# Text Normalization

This notebook provides an introduction on how to perform text normalization on Python using NTLK and other NLP libraries

This notebook contains information about the following processes

*   Data Exploration
*   Word Tokenization
*   Word Normalization
*   Sentence Segmentation

# Initialize NTLK

Download some of the resources that NLTK needs

In [None]:
import nltk
nltk.download('book')

## Import the additional modules

The `re` module is the built in Python regex module while the `tokenizers` modules is a [library from hugging face](https://github.com/huggingface/tokenizers).

In [None]:
import re
from tokenizers import ByteLevelBPETokenizer, BertWordPieceTokenizer

## Load the text data of interest

There are a lot of ways to do it. If a text file exist, using Python's `open` function will be the easiest. However, for now the predefined corpura in the NLTK library will be used.
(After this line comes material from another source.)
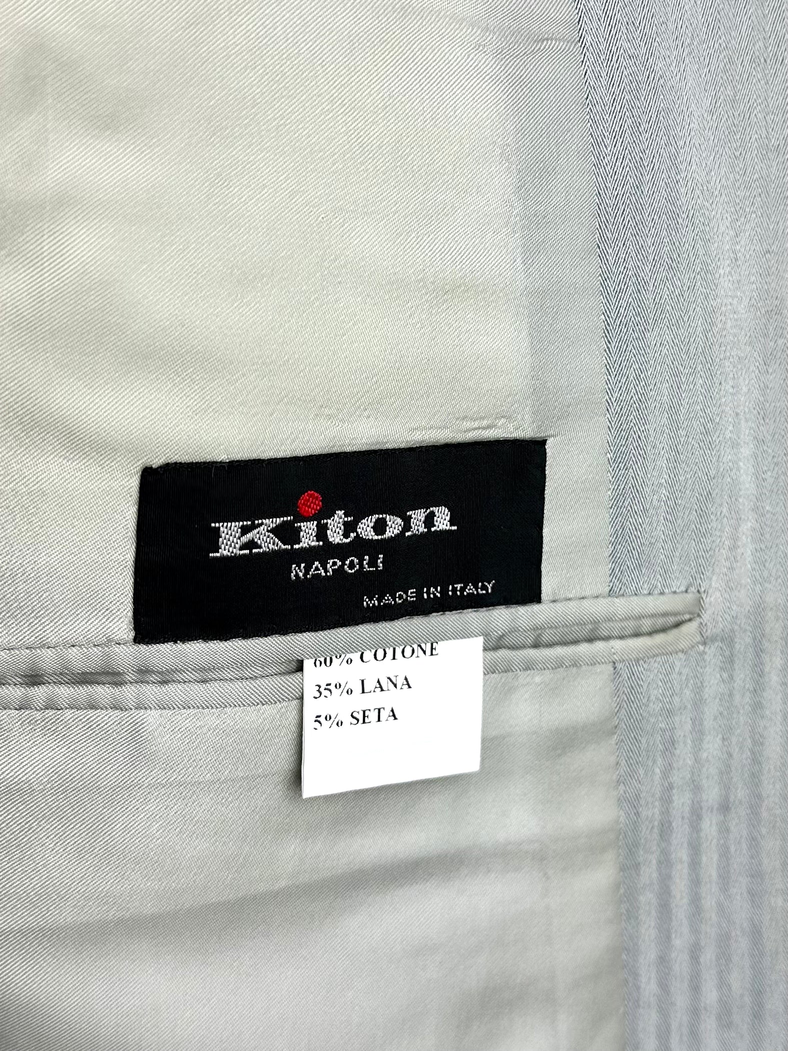 Finely crafted textiles have always been a cornerstone at Kiton: in their own wool mill in Biella, Italy. The deconstructed nature of the garment and the use of soft yarn offer an authentic, personal experience of refined comfort that combines allure and freedom of movement. In a journey of sartorial exploration and evolution that redefines menswear in the name of essentialism, every Kiton jacket is a work of fine design. Entirely cut and constructed by hand in Naples, Kiton’s 25 master craftsmen have carried out 1,800 steps to create this architectural piece.

The first 500 characters of the text will be shown as a initial view of the data.

In [None]:
TEXT_DATA = nltk.corpus.gutenberg.raw('melville-moby_dick.txt')
TEXT_DATA[:500]

## Data Exploration

Regular expressions can be used to look at different aspects of the data. These examples are naive to show the power of regular expressions but they certainly be extended to be complex as possible. For most part, this are just done to have an overview of the data

### Past Tenses

Provided is a very naive way of checking for words used that are in past tense.

In [None]:
past_tenses = re.findall(r'(?<=\W)[A-Za-z-]+ed(?=\W)', TEXT_DATA)
past_tenses[:20]

### Proper Names

Below is a naive way of looking at proper names in the text. Obvious mistakes here would be start of the sentences.

In [None]:
proper_names = re.findall(r'(?<![\s.!]\W)(?<=\W)[A-Z][a-z-]+(?=\W)', TEXT_DATA)
proper_names[:20]

### Words without Vovels

Below is a naive way to check what words do not have vowels in them

In [None]:
words_without_vowels = re.findall(r'(?<=\W)[^aeiouAEIOU\W]+(?=\W)', TEXT_DATA)
words_without_vowels[:20]

## Word Tokenization

For this part, both Penn Treebank Tokenization and Regex Tokenization will be shown

### Penn Treebank Tokenization

In [None]:
ptb_tokenizer = nltk.tokenize.treebank.TreebankWordTokenizer()
ptb_tokens = ptb_tokenizer.tokenize(TEXT_DATA)
ptb_tokens[:20]

### Regex Tokenization

In [None]:
regex_tokenizer_pattern = \
    r'''(?x)                 # set flag to allow verbose regexps
        (?:[A-Z]\.)+         # abbreviations, e.g. U.S.A.
        | \w+(?:-\w+)*       # words with optional internal hyphens
        | \$?\d+(?:\.\d+)?%? # currency and percentages, e.g. $12.40, 82%
        | \.\.\.             # ellipsis
        | [][.,;"'?():-_`]   # these are separate tokens; includes ], [
    '''
regex_tokens = nltk.regexp_tokenize(TEXT_DATA, regex_tokenizer_pattern)
regex_tokens[:20]

## Data-based Tokenization

This part will show both Byte Pair Encoding and Word Piece Encoding

### Byte Pair Encoding

In [None]:
bl_tokenizer = ByteLevelBPETokenizer(lowercase=True)
bl_tokenizer.train_from_iterator([TEXT_DATA])
bl_token = bl_tokenizer.encode(TEXT_DATA).tokens
bl_token[:20]

### Word Piece Encoding

In [None]:
wp_tokenizer = BertWordPieceTokenizer(lowercase=True)
wp_tokenizer.train_from_iterator([TEXT_DATA])
wp_tokens = wp_tokenizer.encode(TEXT_DATA).tokens
wp_tokens[:20]

## Word Normalization

On this section, several word normalization techniques such as case folding, Porter stemmer, and Wordnet Lemmatizer are shown. From this part, the Penn Treebank tokens are used.

### Case Folding

In [None]:
cf_ptb_tokens = [w.lower() for w in ptb_tokens]
cf_ptb_tokens[:20]

### Stemming using Porter

In [None]:
stemmer = nltk.PorterStemmer()
PS_PTB_TOKENS = [stemmer.stem(w) for w in ptb_tokens]
PS_PTB_TOKENS[:20]

### Lemmatize using WordNet

In [None]:
lemmatizer = nltk.WordNetLemmatizer()
wnl_ptb_tokens = [lemmatizer.lemmatize(w) for w in ptb_tokens]
wnl_ptb_tokens[:20]

## Sentence Segmentation

This part will show how to do sentence segmentation using the Punkt System. NLTK provides a pretained Punkt model on it's `sent_tokenize` function.

In [None]:
sent_seg = nltk.sent_tokenize(TEXT_DATA)
sent_seg[:20]